Restate each of the lines below word for word and drop every picture.

··· Data listing ···

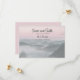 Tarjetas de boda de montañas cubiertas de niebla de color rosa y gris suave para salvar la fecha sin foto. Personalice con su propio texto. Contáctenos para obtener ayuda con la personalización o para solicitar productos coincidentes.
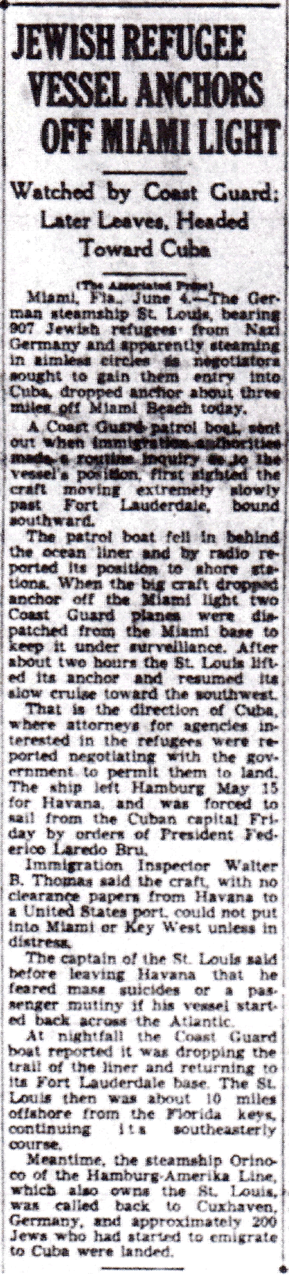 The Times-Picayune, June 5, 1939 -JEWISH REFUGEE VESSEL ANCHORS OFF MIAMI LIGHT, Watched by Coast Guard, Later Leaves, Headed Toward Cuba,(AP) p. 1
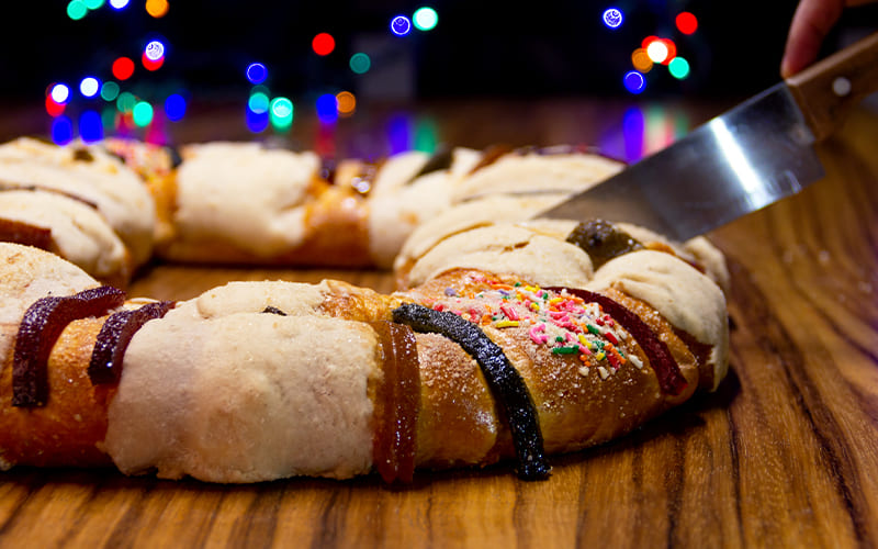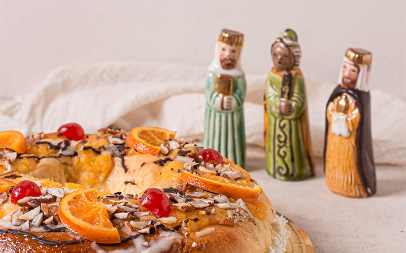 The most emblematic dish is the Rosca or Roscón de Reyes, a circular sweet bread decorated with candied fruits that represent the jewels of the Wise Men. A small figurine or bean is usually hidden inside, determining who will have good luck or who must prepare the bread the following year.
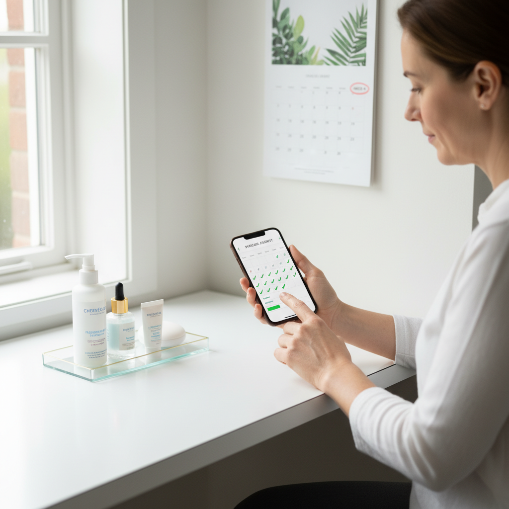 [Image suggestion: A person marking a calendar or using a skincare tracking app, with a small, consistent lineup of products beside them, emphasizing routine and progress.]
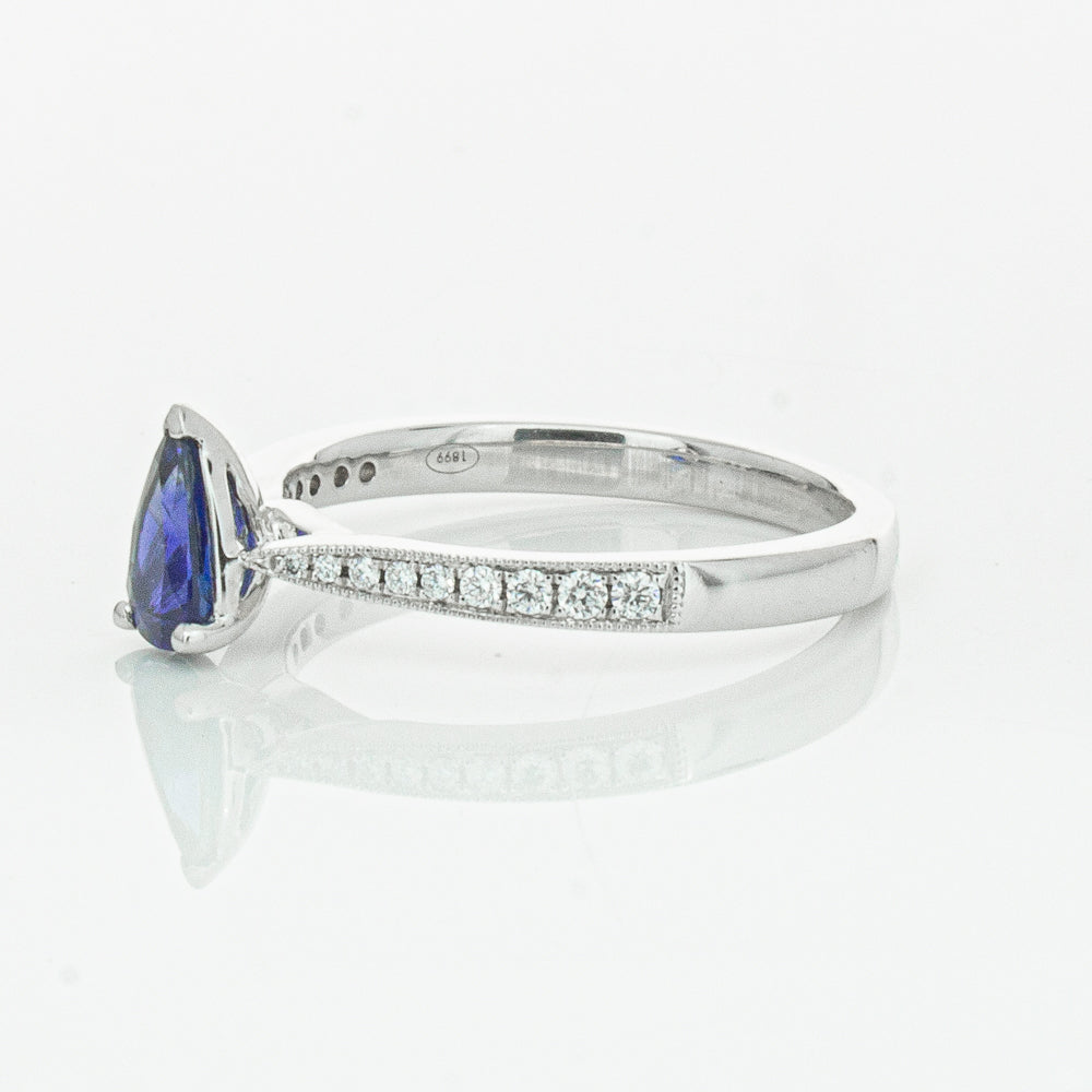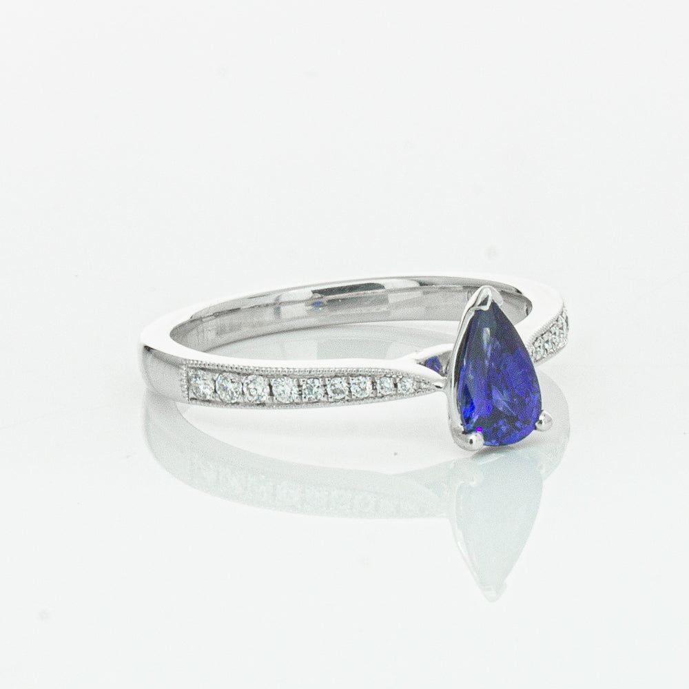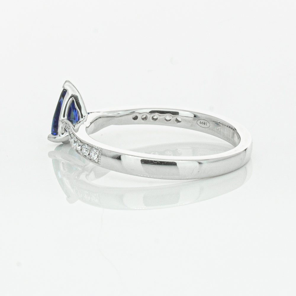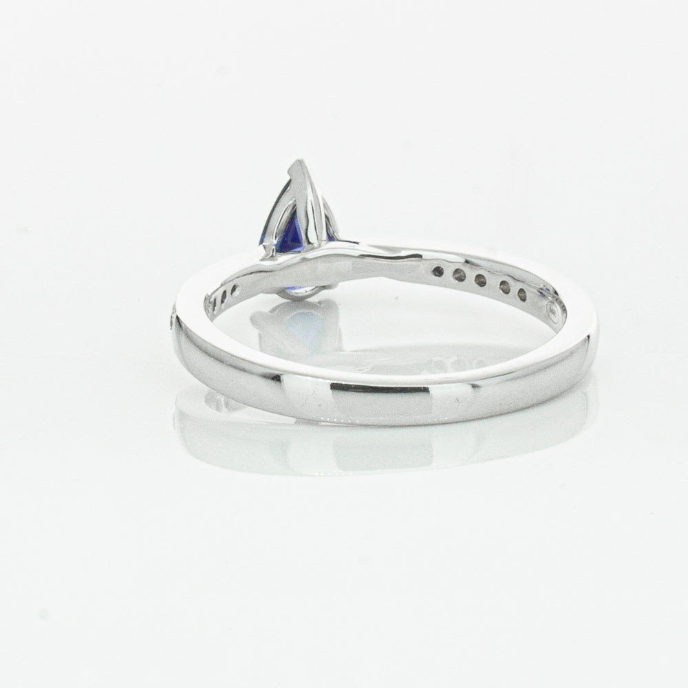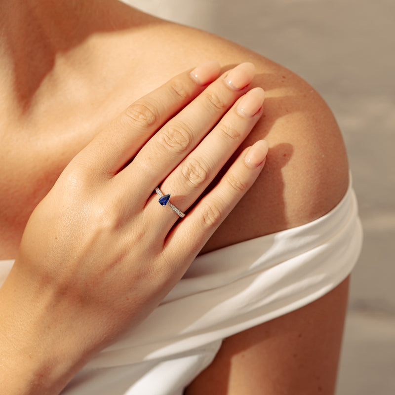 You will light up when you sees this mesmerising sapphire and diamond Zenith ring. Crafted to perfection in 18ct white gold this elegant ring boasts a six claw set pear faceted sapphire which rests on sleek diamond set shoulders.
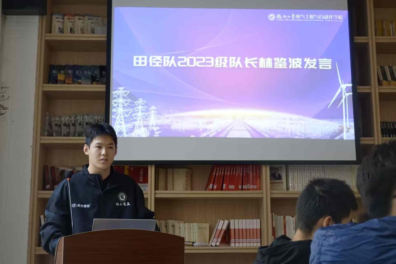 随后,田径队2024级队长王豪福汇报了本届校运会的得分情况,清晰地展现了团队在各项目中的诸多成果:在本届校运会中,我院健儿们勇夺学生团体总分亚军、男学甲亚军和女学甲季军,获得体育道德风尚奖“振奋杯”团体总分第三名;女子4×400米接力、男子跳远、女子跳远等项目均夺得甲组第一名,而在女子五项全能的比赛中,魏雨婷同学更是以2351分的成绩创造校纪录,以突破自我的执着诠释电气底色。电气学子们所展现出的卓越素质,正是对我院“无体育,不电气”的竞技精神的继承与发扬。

···

Exercise result
 Tarjetas de boda de montañas cubiertas de niebla de color rosa y gris suave para salvar la fecha sin foto. Personalice con su propio texto. Contáctenos para obtener ayuda con la personalización o para solicitar productos coincidentes.
 The Times-Picayune, June 5, 1939 -JEWISH REFUGEE VESSEL ANCHORS OFF MIAMI LIGHT, Watched by Coast Guard, Later Leaves, Headed Toward Cuba,(AP) p. 1
 The most emblematic dish is the Rosca or Roscón de Reyes, a circular sweet bread decorated with candied fruits that represent the jewels of the Wise Men. A small figurine or bean is usually hidden inside, determining who will have good luck or who must prepare the bread the following year.
 [Image suggestion: A person marking a calendar or using a skincare tracking app, with a small, consistent lineup of products beside them, emphasizing routine and progress.]
 You will light up when you sees this mesmerising sapphire and diamond Zenith ring. Crafted to perfection in 18ct white gold this elegant ring boasts a six claw set pear faceted sapphire which rests on sleek diamond set shoulders.
 随后,田径队2024级队长王豪福汇报了本届校运会的得分情况,清晰地展现了团队在各项目中的诸多成果:在本届校运会中,我院健儿们勇夺学生团体总分亚军、男学甲亚军和女学甲季军,获得体育道德风尚奖“振奋杯”团体总分第三名;女子4×400米接力、男子跳远、女子跳远等项目均夺得甲组第一名,而在女子五项全能的比赛中,魏雨婷同学更是以2351分的成绩创造校纪录,以突破自我的执着诠释电气底色。电气学子们所展现出的卓越素质,正是对我院“无体育,不电气”的竞技精神的继承与发扬。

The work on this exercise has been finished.